Friday, September 30, 2016

Beatles Redux

The day that I took down the horse posters in my bedroom and put up pictures of Paul McCartney, my mother had a conniption. "What's happened to my little girl?" she cried.

When I begged my dad to give me 10 bucks to buy a black leather cap like John Lennon's, he went berserk. "No daughter of mine is walking around in a man's cap, let alone something those hooligans wear!" he roared.

And, shopping one day with my parents, I should have known better than to purchase my very first Beatles LP in their presence. I nearly died of embarrassment at the comments they made to the sales clerk: "Yeah, yeah, yeah. What kind of song is that?" "Can you even understand the words they're singing anyway?" That's the day I became a teenager. Something changed. And it was because of the Beatles. 

Those magical years, between 1963 and 1970, came back to me in a flash flood of memories this week when we watched Ron Howard's new documentary, "Eight Days a Week." The movie contains concert and studio footage, hysterical fans, press conferences, and still images we've all seen before, songs we've heard a hundred times. Yet somehow it is entirely fresh and engaging. It carries an emotional punch that is part nostalgia, part joy and tons of fun. Certainly there have been other films about the Beatles, but this one made me feel like I had time-traveled back to junior high. 

February 9, 1964 was one of those, "Where were you when?" moments. I was sitting on the floor, in front of a black and white television, in a friend's living room getting ready to watch history being made on the Ed Sullivan Show — the Beatles' first North American appearance on TV. The adults present made it almost impossible to concentrate, what with all their inane chatter: "I don't mind that long hair provided it's clean!" "Look at those girls.

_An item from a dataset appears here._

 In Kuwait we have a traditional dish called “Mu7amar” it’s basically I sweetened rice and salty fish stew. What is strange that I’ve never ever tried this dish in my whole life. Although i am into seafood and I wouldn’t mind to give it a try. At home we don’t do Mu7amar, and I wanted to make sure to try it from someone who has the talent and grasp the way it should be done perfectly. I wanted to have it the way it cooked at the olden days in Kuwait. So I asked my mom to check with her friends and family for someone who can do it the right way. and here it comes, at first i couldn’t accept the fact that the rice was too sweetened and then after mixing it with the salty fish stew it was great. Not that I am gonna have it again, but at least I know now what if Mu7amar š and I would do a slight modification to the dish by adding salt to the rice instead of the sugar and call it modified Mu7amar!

Screaming like that! Where are their parents?" Somehow I managed to tune those old fogies out. I was swept away in the wonder and excitement of seeing four totally SUPER cute guys who were singing crazy, rowdy songs to us; yes, US! Us KIDS! It was beyond exciting — all the way to exhilarating.

I fell head over heels in love. I lined my room with posters and pictures. I scribbled devotion all over my record album covers: "I LUV Paul! The Beatles 4-EVER! Long live the Fab Four!"  I got every fan magazine I could get my hands on and stared at each photo as if I could somehow magically make Paul, Ringo, George and John emerge from the pages. I adopted the Twiggy look, bought tights by Mary Quant, and started talking like a Brit: "Cheers mate!" "Watching the telly," and "Where's the loo?" I began corresponding with a pen pal in England, who sadly, never met the Beatles and had nothing of interest to report. 

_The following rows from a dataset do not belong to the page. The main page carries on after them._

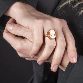 in oro giallo 18kt, recante un cammeo su conchiglia, punzone 750, mis. 17/57, gr. 7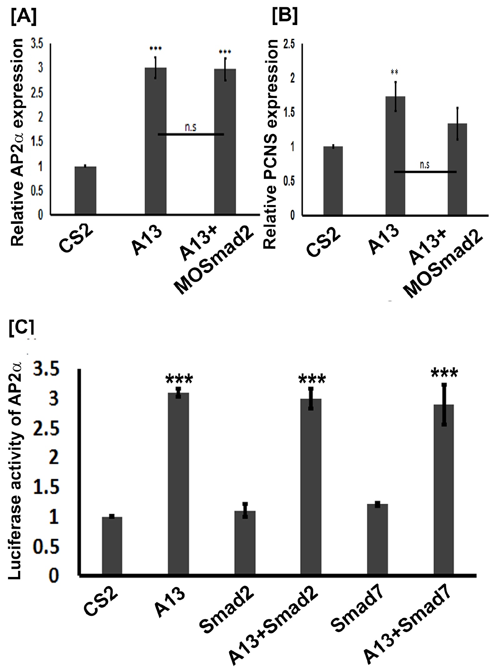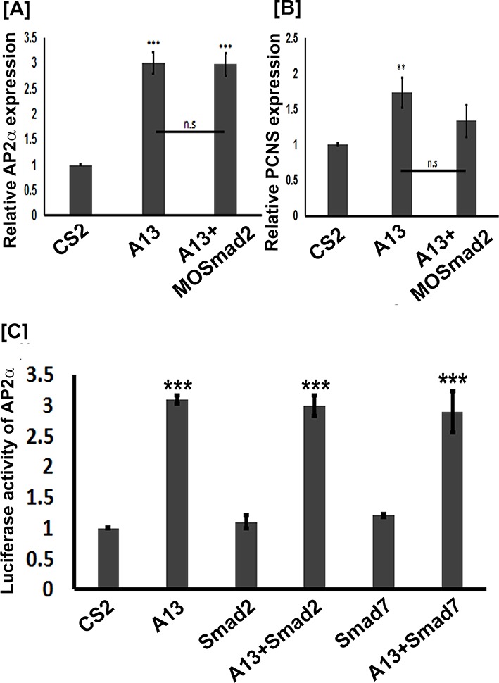 Figure 8: adam13 induction 926 of Ap2ï¡ and pcdh8l does not involve Smad2. (A-B) Relative expression of AP2ï¡ and pcdh8l in animal caps dissected from control embryos, or embryos injected with adam13 or adam13 and a morpholino to Smad2 (MOSmad2, 25 ng). C) Luciferase assays in Hek293T cells show no induction of AP2α promoter activity by Smad2 (0.5 μg) or Smad 7 (0.5 μg). Smad2 does not increase adam13 activation of the AP2ï¡ promoter, while Smad7 does not reduce adam13 induction of AP2ï¡ promoter. Smad2 and Smad7 were transfected with or without adam13 (0.5 μg) along with AP2α promoter-luciferase and the pRL-CMV (100 ng, 10 pg). The ratio of luciferase to renilla was used to normalize each transfection to the empty vector control (CS2). Error bars represent standard error to the mean (Mean± S.E.M). One-way ANOVA was performed to determine statistical significance. Statistically significant at **p < 0.01, ***p < 0.001. |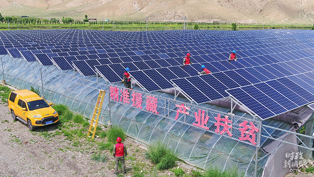 湖北襄陽(yáng)某供電公司援藏幫扶工作人員檢修光伏發(fā)電設(shè)備,解決當(dāng)?shù)仞B(yǎng)殖戶(hù)和種植戶(hù)用電需求。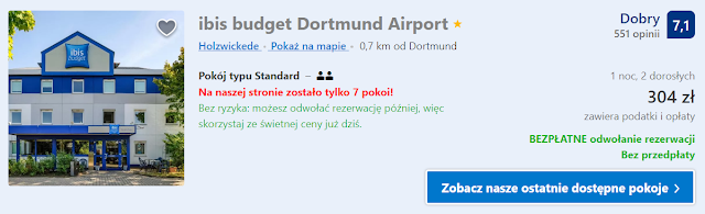 Fanom wybierającym połączenie lotnicze polecamy oddalony o 700 metrów od dortmundzkiego portu lotniczego ibis budget Dortmund Airport. Koszt noclegu w terminie 14-15 września dla jednej/dwóch osób wynosi kolejno 250 zł oraz 304 zł (152 zł os./noc).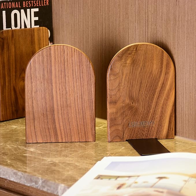 - [Heavy Duty Book Ends For Heavy Books]:Wooden book ends has a L design with thicker and stable bottom + metal base,which makes it stable to store heavy books or binders, perfect for office desk.Fine craft wooden book ends can blends with your bookshelves. Heavy duty walnut bookends for heavy books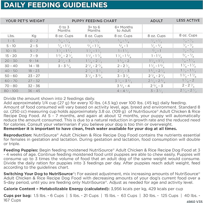 NutriSource Adult Dog Food, Made with Chicken and Rice, with Wholesome Grains, 30LB, Dry Dog Food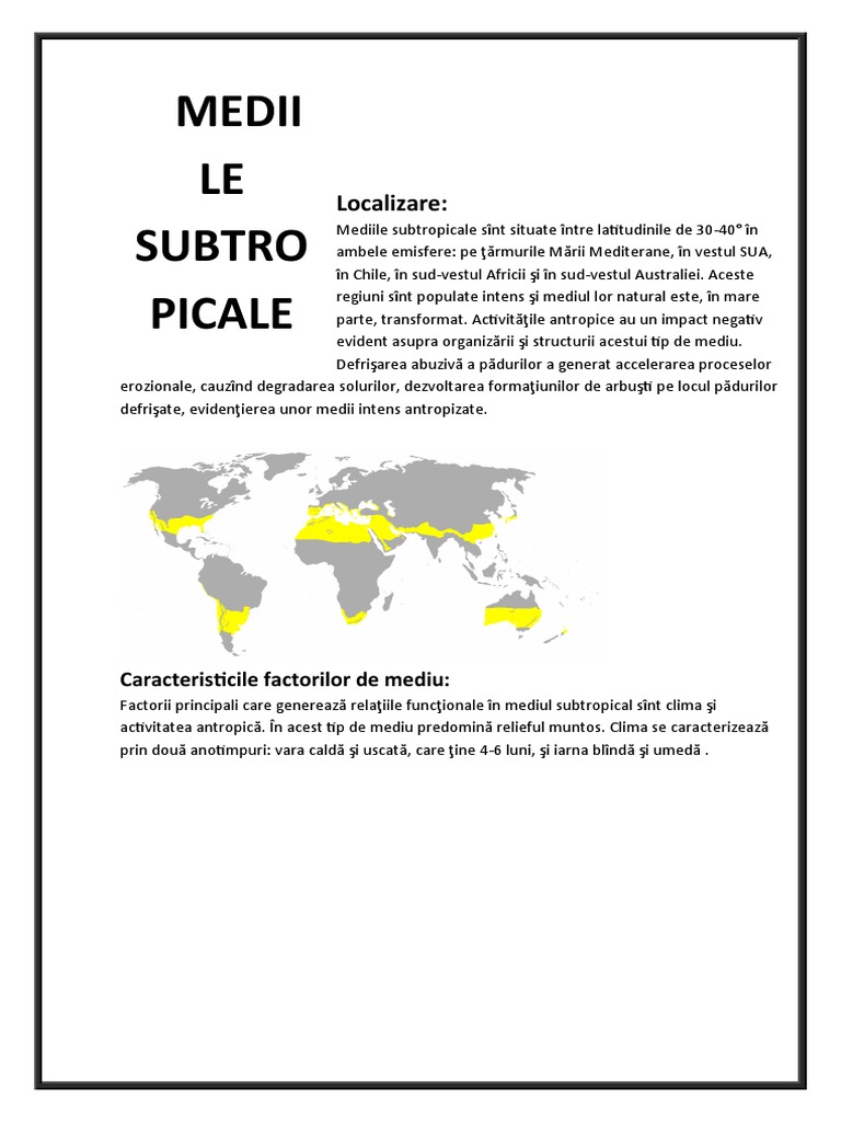 Mediile subtropicale sînt situate între latitudinile de 30-40° în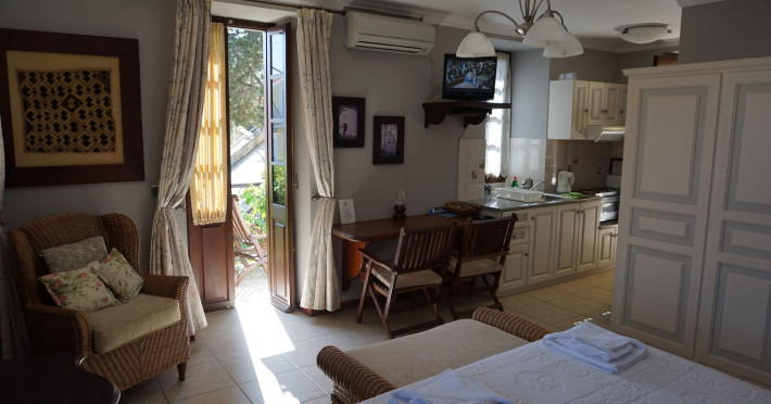 When you a stay at Faros Suites - Adults Only in Kefalonia, you'll be in the entertainment district, within a 5-minute walk of Ionian Sea and Fiskardo Port. This hotel is 15.6 mi (25.1 km) from Myrtos Beach and 0.7 mi (1.2 km) from Foki Beach. Make yourself at home in one of the 7 air-conditioned rooms featuring kitchenettes with full-sized refrigerators/freezers and ovens. Your room comes with a pillowtop bed. Satellite television is provided for your entertainment. Conveniences include safes and desks, and housekeeping is provided daily. Distances are displayed to the nearest 0.1 mile and kilometer.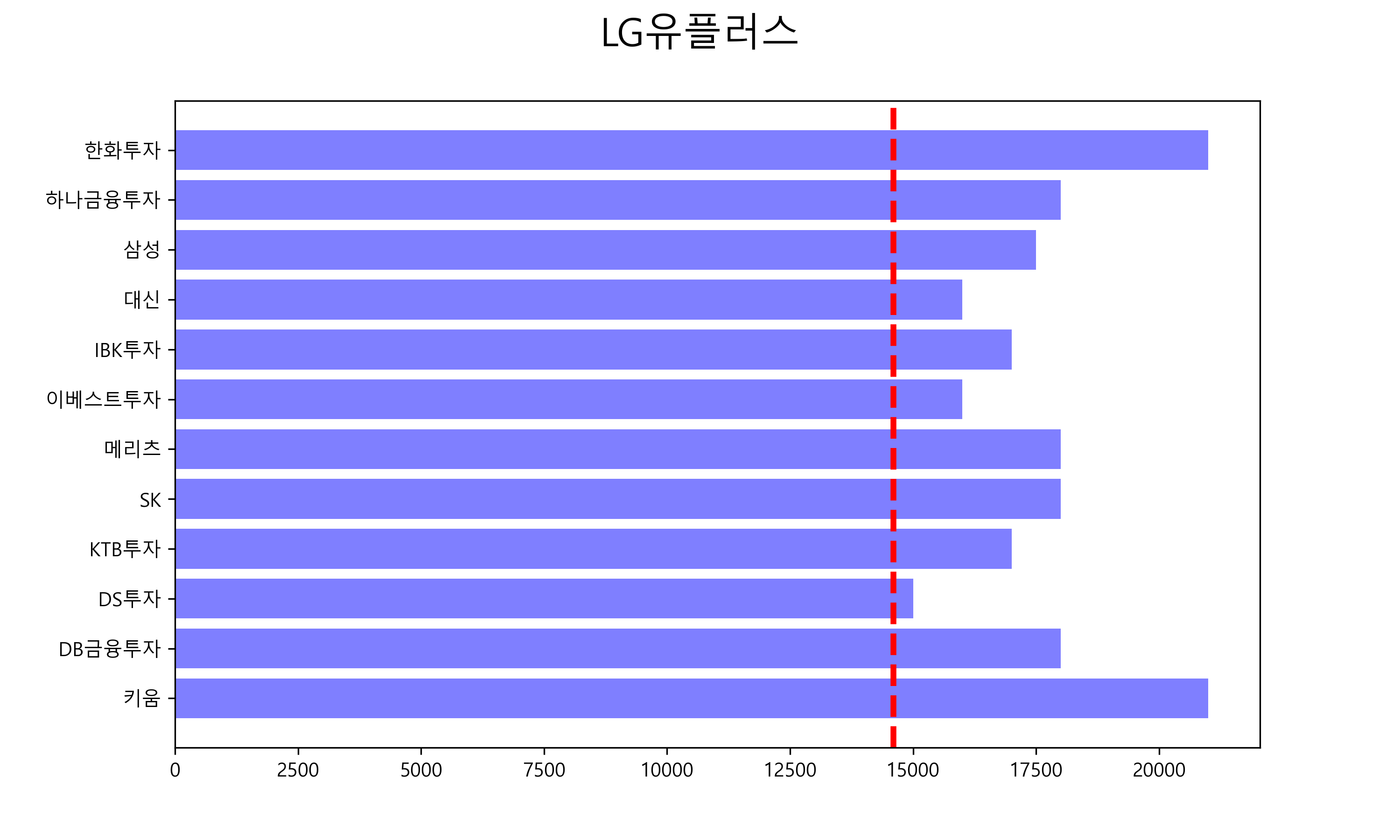 현재 주가보다 상승할 것이라고 예측한 증권사은 12 곳이며 하락할 것이라고 예측한 증권사는 0곳 입니다. LG유플러스의 5월 12일 기준 현재 주가로 14,600원 입니다. 목표주가 평균추정치는 17,708원 으로 현재 주가 대비 21.3% 높습니다.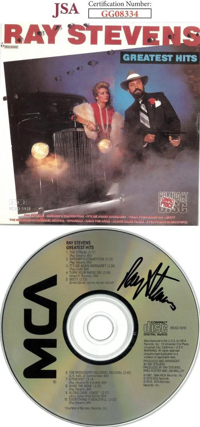 Ray Stevens, is an American country and pop singer-songwriter and comedian, known for his Grammy-winning recordings "Everything Is Beautiful" and "Misty", as well as comedic hits such as "Gitarzan" and "The Streak". He has been inducted into the Nashville Songwriters Hall of Fame, the Georgia Music Hall of Fame, and the Christian Music Hall of Fame; and received gold albums for his music sales. In 2019, he was inducted into the Country Music Hall of Fame and Museum. Ray Stevens has hand signed this 1987 Greatest Hits Album CD w/Cover Booklet & Case.

My best friend and I spent hour upon hour making up stories about how we would meet our favorite Beatle. The circumstances varied in each scenario, me meeting Paul, and she, John, but the outcome was always the same: love at first sight, a kiss, and then happily ever after. She and I saw "A Hard Day's Night" three times at a movie theatre downtown. I was insanely happy to see the four guys actually being real live human beings! Running, sitting, talking! It was all too FAB for words! My friend and I recited lines afterward in our best Liverpudlian accents.

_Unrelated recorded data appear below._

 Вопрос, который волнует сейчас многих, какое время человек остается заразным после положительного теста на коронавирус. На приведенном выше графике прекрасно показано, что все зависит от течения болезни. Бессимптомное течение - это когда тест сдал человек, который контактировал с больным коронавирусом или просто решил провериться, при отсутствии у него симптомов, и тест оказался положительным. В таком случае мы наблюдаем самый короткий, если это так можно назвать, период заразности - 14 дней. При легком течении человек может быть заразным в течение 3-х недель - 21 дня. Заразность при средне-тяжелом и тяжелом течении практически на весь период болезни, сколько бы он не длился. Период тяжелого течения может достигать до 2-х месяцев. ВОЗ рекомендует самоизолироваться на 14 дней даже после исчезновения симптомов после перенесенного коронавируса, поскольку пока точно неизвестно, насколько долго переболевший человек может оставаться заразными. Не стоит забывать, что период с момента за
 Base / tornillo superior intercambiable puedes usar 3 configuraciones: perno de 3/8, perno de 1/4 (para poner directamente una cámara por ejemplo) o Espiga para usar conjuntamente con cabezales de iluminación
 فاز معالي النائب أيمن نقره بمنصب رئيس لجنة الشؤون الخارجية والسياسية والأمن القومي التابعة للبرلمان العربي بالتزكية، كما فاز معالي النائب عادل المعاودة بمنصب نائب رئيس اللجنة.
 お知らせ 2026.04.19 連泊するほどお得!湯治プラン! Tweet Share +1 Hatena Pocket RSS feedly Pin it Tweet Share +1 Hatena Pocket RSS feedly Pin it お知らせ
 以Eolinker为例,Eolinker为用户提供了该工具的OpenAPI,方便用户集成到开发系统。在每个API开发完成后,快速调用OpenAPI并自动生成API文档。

At bedtime I slipped a transistor radio under my pillow so my parents couldn't tell that I was listening late into the night for the latest song.The songs! How could they have been more perfect? From imagining a kiss with Paul, "If I fell in love with you, would you promise to be true?" to slow dancing with a boy at a basement rec room party with Rubber Soul on the record player, "In my life, I loved you more," to doing homework in my room puzzling over "Lucy in the Sky" on the Sgt. Pepper album, and "I am the Walrus" from Magical Mystery Tour. The years of my youth played on accompanied by the White Album and then Abbey Road. In grade twelve, our school's choir director chose ballads like, "Michelle" and "Yesterday" for us to sing. We loved him for it.

My parents even came around in time and admitted that some of the songs were "very nice," especially when they heard some lame orchestral version of a Beatles melody on their easy-listening radio station. As we know now, those wonderful songs have stood the test of time. 

The final LP, Let it Be, was released in May of 1970. In June of that year, I graduated high school. The soundtrack of my youth was done; like in a film written just for me, the Beatles music had underscored the emotional arc of my teenage storyline.


My generation must certainly be the luckiest ever, of all time, to have been teenagers growing up accompanied by the Beatles —the music, the hair, the clothes, the peace and love sensibilities, all the amazing bands that followed, all the kids we knew who picked up guitars and got drum sets and learned  to make their own music because they were so blown away by the Beatles — it was everything that shaped us. Ron Howard's lovely documentary film just gets it. I hope you see it. If you are my age, I hope it brings back wonderful memories for you. This is OUR story.